_What is being asked_
Output exactly the lines below from the one containing "Más de 3.000" to the last line, both included. Omit pictures.

Records from a collection:
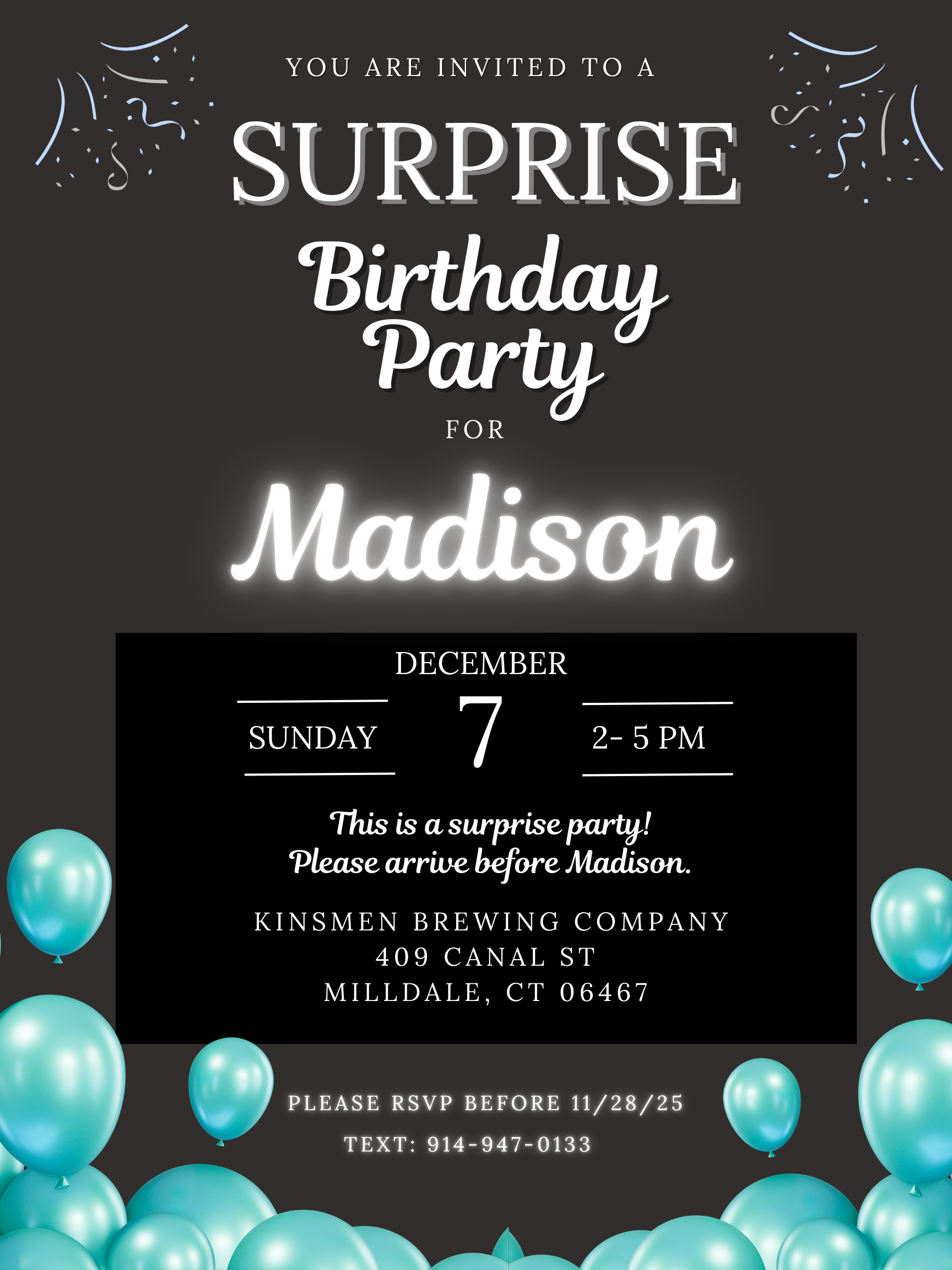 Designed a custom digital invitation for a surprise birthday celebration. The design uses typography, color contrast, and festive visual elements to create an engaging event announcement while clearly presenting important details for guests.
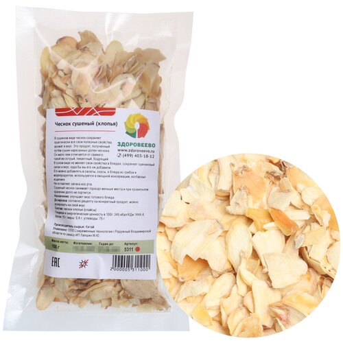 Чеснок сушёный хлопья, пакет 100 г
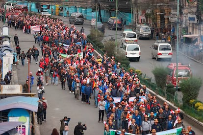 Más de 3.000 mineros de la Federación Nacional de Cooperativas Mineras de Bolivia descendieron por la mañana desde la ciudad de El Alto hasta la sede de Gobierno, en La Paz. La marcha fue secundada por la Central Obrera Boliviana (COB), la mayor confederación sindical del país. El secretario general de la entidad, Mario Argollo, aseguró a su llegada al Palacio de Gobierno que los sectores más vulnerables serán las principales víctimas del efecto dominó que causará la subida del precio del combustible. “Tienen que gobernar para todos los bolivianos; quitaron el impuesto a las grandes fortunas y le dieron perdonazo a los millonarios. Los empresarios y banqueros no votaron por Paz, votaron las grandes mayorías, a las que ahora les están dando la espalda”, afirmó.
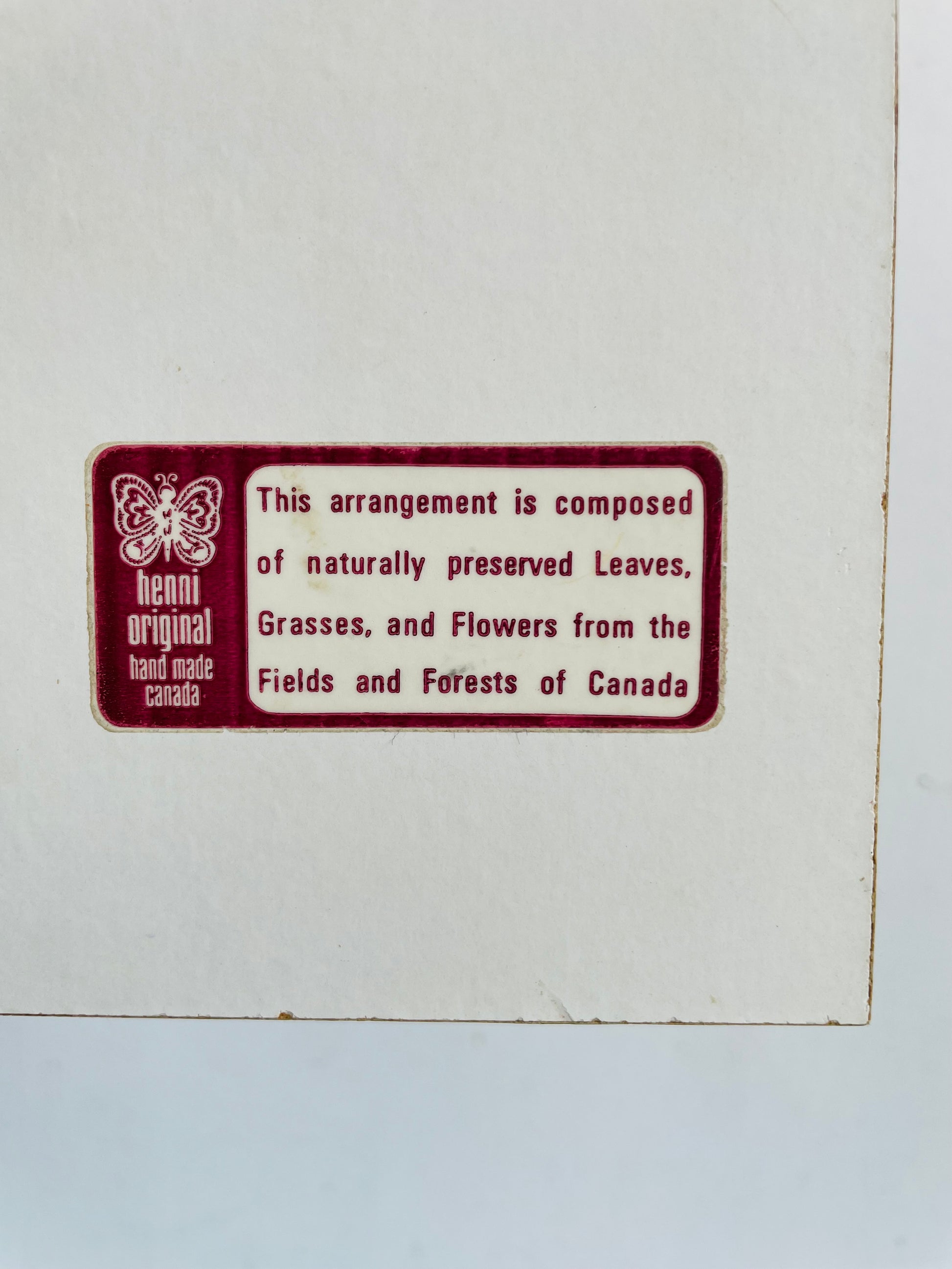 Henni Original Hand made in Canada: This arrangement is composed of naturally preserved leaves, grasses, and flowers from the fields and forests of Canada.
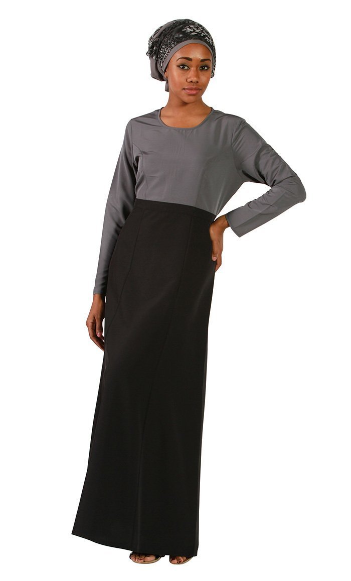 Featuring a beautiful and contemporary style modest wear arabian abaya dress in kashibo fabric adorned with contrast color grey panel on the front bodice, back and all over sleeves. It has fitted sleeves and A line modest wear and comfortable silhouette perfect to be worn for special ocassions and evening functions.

_Response_
 Más de 3.000 mineros de la Federación Nacional de Cooperativas Mineras de Bolivia descendieron por la mañana desde la ciudad de El Alto hasta la sede de Gobierno, en La Paz. La marcha fue secundada por la Central Obrera Boliviana (COB), la mayor confederación sindical del país. El secretario general de la entidad, Mario Argollo, aseguró a su llegada al Palacio de Gobierno que los sectores más vulnerables serán las principales víctimas del efecto dominó que causará la subida del precio del combustible. “Tienen que gobernar para todos los bolivianos; quitaron el impuesto a las grandes fortunas y le dieron perdonazo a los millonarios. Los empresarios y banqueros no votaron por Paz, votaron las grandes mayorías, a las que ahora les están dando la espalda”, afirmó.
 Henni Original Hand made in Canada: This arrangement is composed of naturally preserved leaves, grasses, and flowers from the fields and forests of Canada.
 Featuring a beautiful and contemporary style modest wear arabian abaya dress in kashibo fabric adorned with contrast color grey panel on the front bodice, back and all over sleeves. It has fitted sleeves and A line modest wear and comfortable silhouette perfect to be worn for special ocassions and evening functions.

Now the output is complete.